* _Task brief_:
Copy, word for word, the line containing "租赁和商务服务业工商注册企业基本信息数据" and each line that follows it in the entries below; pictures do not belong in the copy.

* _Information provided_:
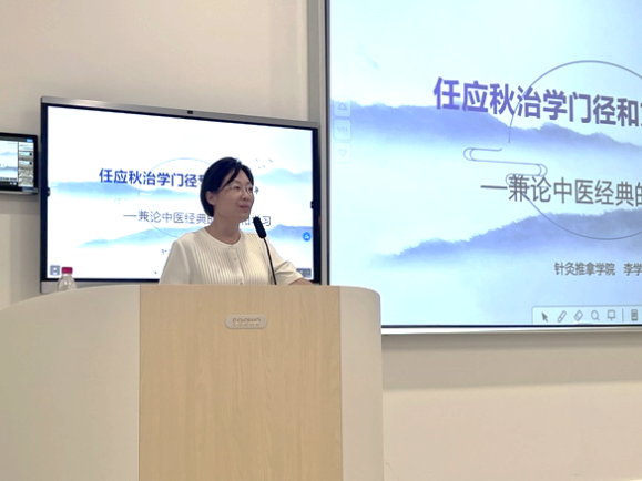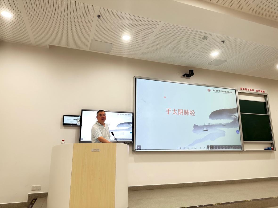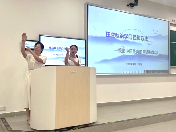讲座期间,唐院长见一女生面色苍白、神情有异,原来是该同学因贪食冷饮而恶心欲吐、腹痛,针灸推拿学院党总支副书记、副院长李学智教授当即以指代针,为同学按压内关穴,并告知穴位的定位和功效,数分钟后症状豁然消失。随后该同学为大家演示内关穴的取穴方法,引得同学们赞叹经络腧穴之神奇,极大地激发了大家的专业热情。李学智教授引经据典,告诫同学们要珍惜大学时光,珍惜伟大的传统中医文化,要立志“成大医、做明医”;并以重庆本土中医大师任应秋老先生的故事,结合自己从医多年的读书体会,告诉同学们治学应精读经典、勤写、深思、善记,并引《灵枢》经文,劝勉同学们树立专业信心,精研学问,方能成大医明医。
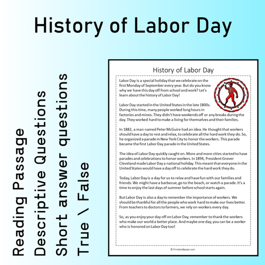History of Labor Day | Reading Comprehension Passage Printable Worksheet
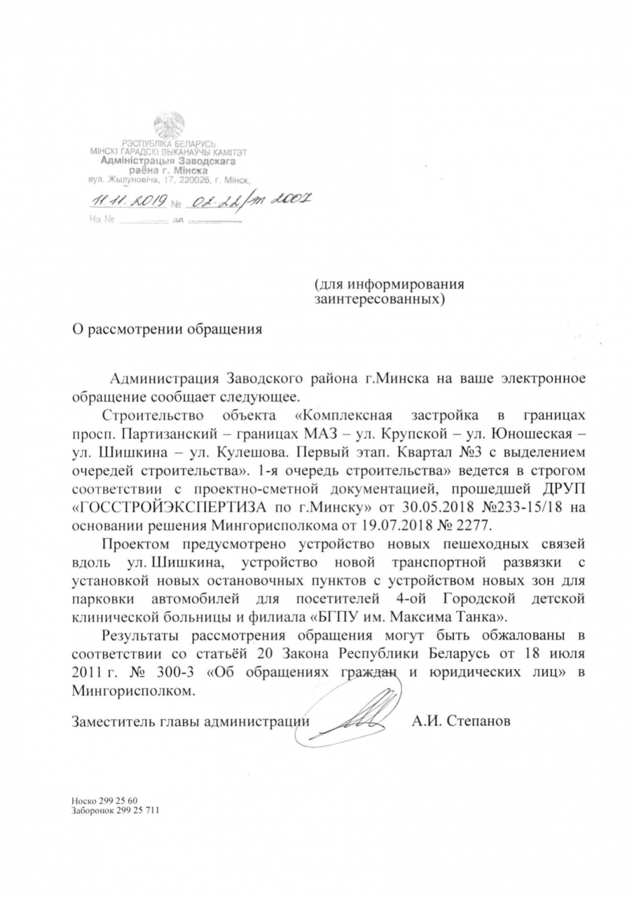 Проектом "Комплексная застройка в границах пр-т Партизанский - ул.Кулешова. Первый этап. Квартал №3 с выделением очередей строительства" предусмотрено устройство новой транспортной развязки.
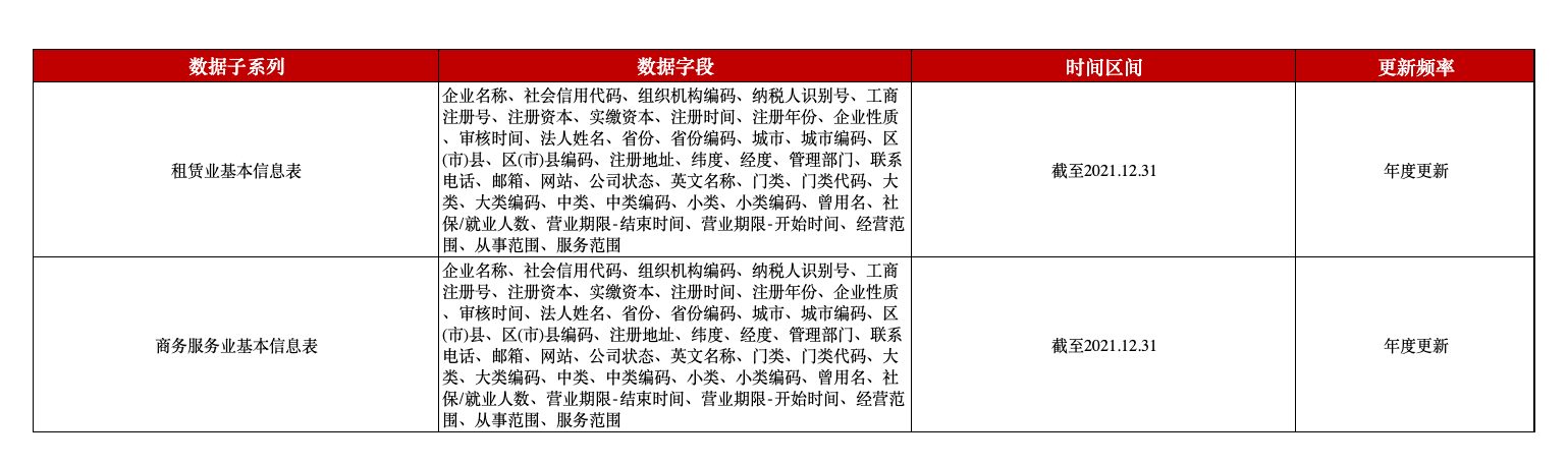 租赁和商务服务业工商注册企业基本信息数据
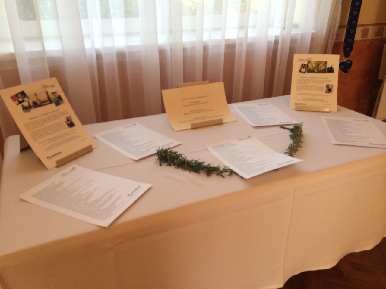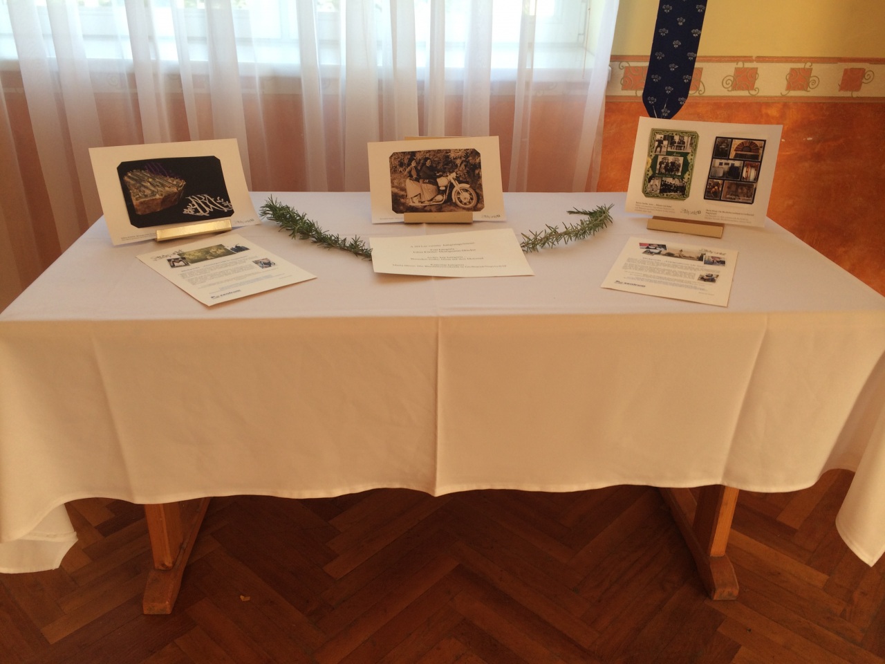 Das Programm wurde mit einem Platzkonzert der Blaskapelle aus Lippwar/Lippó eingeleitet. Im Rahmen der Feier wird jedes Jahr eine Ausstellung eröffnet. Dieses Mal wurde die Blickpunkt 2013 – Wanderausstellung des Ungarndeutschen Kultur- und Informationszentrums eingeladen, die von Csilla Erb-Merkler, der Vorsitzenden der Deutschen Nationalitätenselbstverwaltung bzw. Monika Ambach, der Direktorin des Zentrums eröffnet wurde. Die Gäste bewunderten die wunderschönen Bilder nicht nur mit Freude, sondern auch mit Stolz, denn letztes Jahr war das Gewinnerbild der Kategorie Postkarte Die Blaufärberwerkstatt in Großnarad/Nagynyárád von Maria Hinze. Der mit Recht im ganzen Land bekannte Blaufärber Johann Sárdi, der bald seinen 94. Geburtstag feiert, war auch anwesend und betonte, dass diese Arbeit Gottes Gabe sei. Die vom immer fröhlichen Meister Sárdi gefärbten Stoffe sind überall aufzufinden, man merkt schnell, dass die Naarader die Blaufärbertradition zu schätzen wissen.
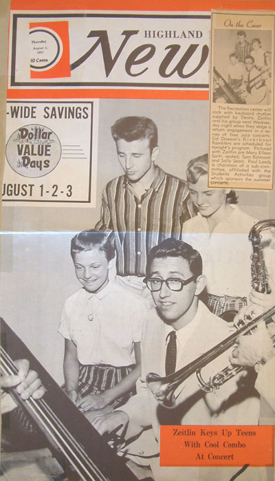 Cover, Highland Park News, ’57. While a sophmore in college, Denny gives a concert in his Chicago suburb home town.

* _Reply to the task_:
 租赁和商务服务业工商注册企业基本信息数据
 Das Programm wurde mit einem Platzkonzert der Blaskapelle aus Lippwar/Lippó eingeleitet. Im Rahmen der Feier wird jedes Jahr eine Ausstellung eröffnet. Dieses Mal wurde die Blickpunkt 2013 – Wanderausstellung des Ungarndeutschen Kultur- und Informationszentrums eingeladen, die von Csilla Erb-Merkler, der Vorsitzenden der Deutschen Nationalitätenselbstverwaltung bzw. Monika Ambach, der Direktorin des Zentrums eröffnet wurde. Die Gäste bewunderten die wunderschönen Bilder nicht nur mit Freude, sondern auch mit Stolz, denn letztes Jahr war das Gewinnerbild der Kategorie Postkarte Die Blaufärberwerkstatt in Großnarad/Nagynyárád von Maria Hinze. Der mit Recht im ganzen Land bekannte Blaufärber Johann Sárdi, der bald seinen 94. Geburtstag feiert, war auch anwesend und betonte, dass diese Arbeit Gottes Gabe sei. Die vom immer fröhlichen Meister Sárdi gefärbten Stoffe sind überall aufzufinden, man merkt schnell, dass die Naarader die Blaufärbertradition zu schätzen wissen.
 Cover, Highland Park News, ’57. While a sophmore in college, Denny gives a concert in his Chicago suburb home town.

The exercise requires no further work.